EXTRACTED MATERIAL:
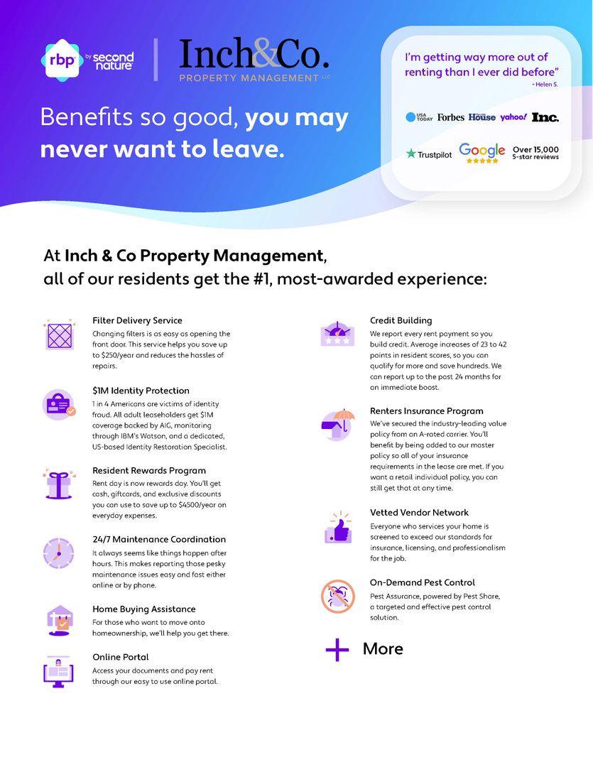 All Inch & Co Property Management residents are enrolled in the Resident Benefits Package (RBP) for $55.00 per month. The Resident Benefit package includes liability insurance, credit building to help boost the resident’s credit score with timely rent payments, up to $1M Identity Theft Protection, HVAC air filter delivery (for applicable properties), our best-in-class resident rewards program, and much more! More details upon application.
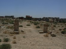 Sur la photo numéro trois, la cimetière dans son état actuel, juste à la droite de ce qui reste de la porte principale, la tombe du conservateur civil, et une vision de ce qui reste du cimetière envahi par la construction, par ces hommes forts de Taourirt qui croient tout pouvoir impunément.
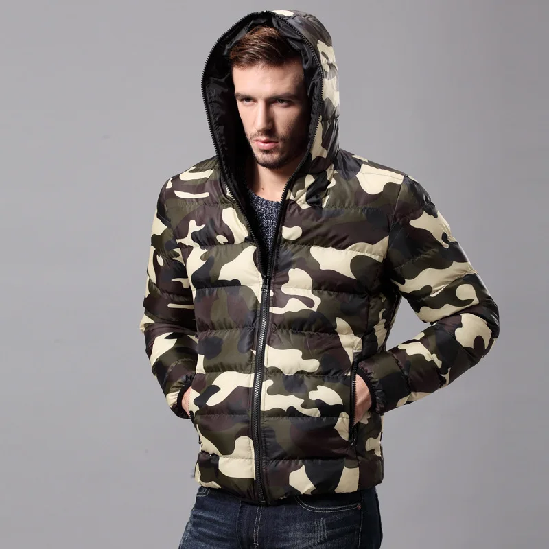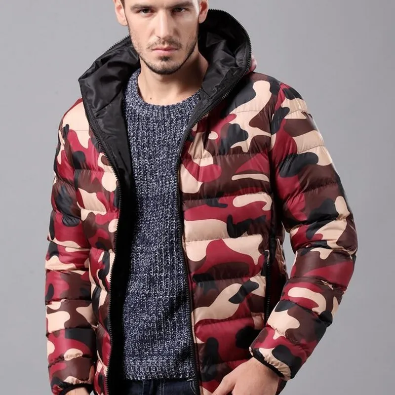 Отзывы о Мужские модные камуфляжные парки с капюшоном короткий пуховик повседневное
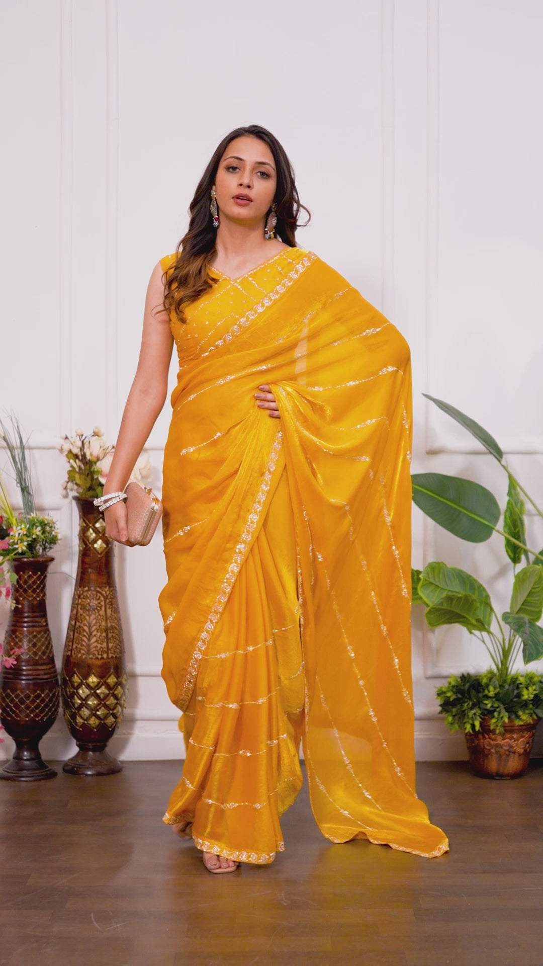 Premium Mustard Yellow Saree with Elegant Stone Work | Party & Festive Wear | TC Lifestyle
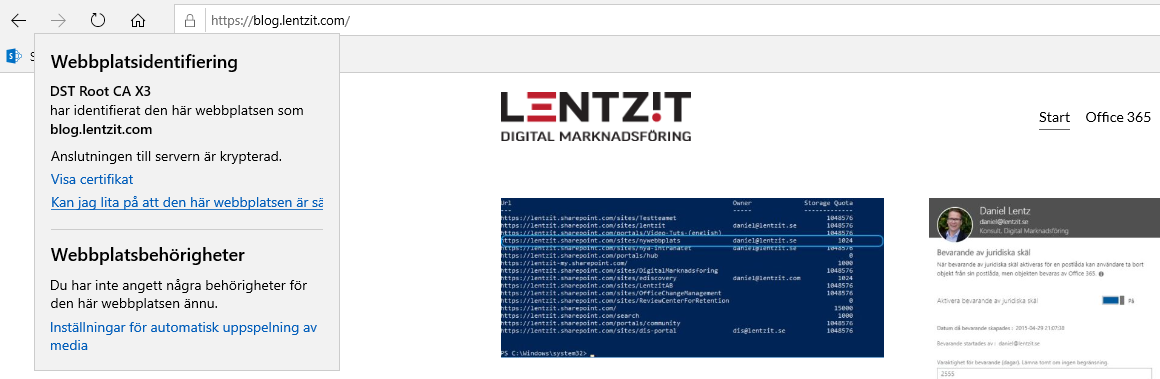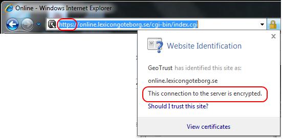 Du kan se om ett certifikat används direkt i adressfältet på din läsare, alla adresser som har krypterad information börjar på https://…t.ex. banker och online affärer där man kan handla med betalkort använder den typen av säkrad anslutning för att skydda dina uppgifter när du registrerar dig och ditt inköp. (nedan bild)

TASK DIRECTIONS:
From the entries above, copy exactly the lines starting at the one with "Sur la photo" and stopping at the one with "Premium Mustard Yellow", keeping both ends. Drop the pictures.

EXPECTED ANSWER:
 Sur la photo numéro trois, la cimetière dans son état actuel, juste à la droite de ce qui reste de la porte principale, la tombe du conservateur civil, et une vision de ce qui reste du cimetière envahi par la construction, par ces hommes forts de Taourirt qui croient tout pouvoir impunément.
 Отзывы о Мужские модные камуфляжные парки с капюшоном короткий пуховик повседневное
 Premium Mustard Yellow Saree with Elegant Stone Work | Party & Festive Wear | TC Lifestyle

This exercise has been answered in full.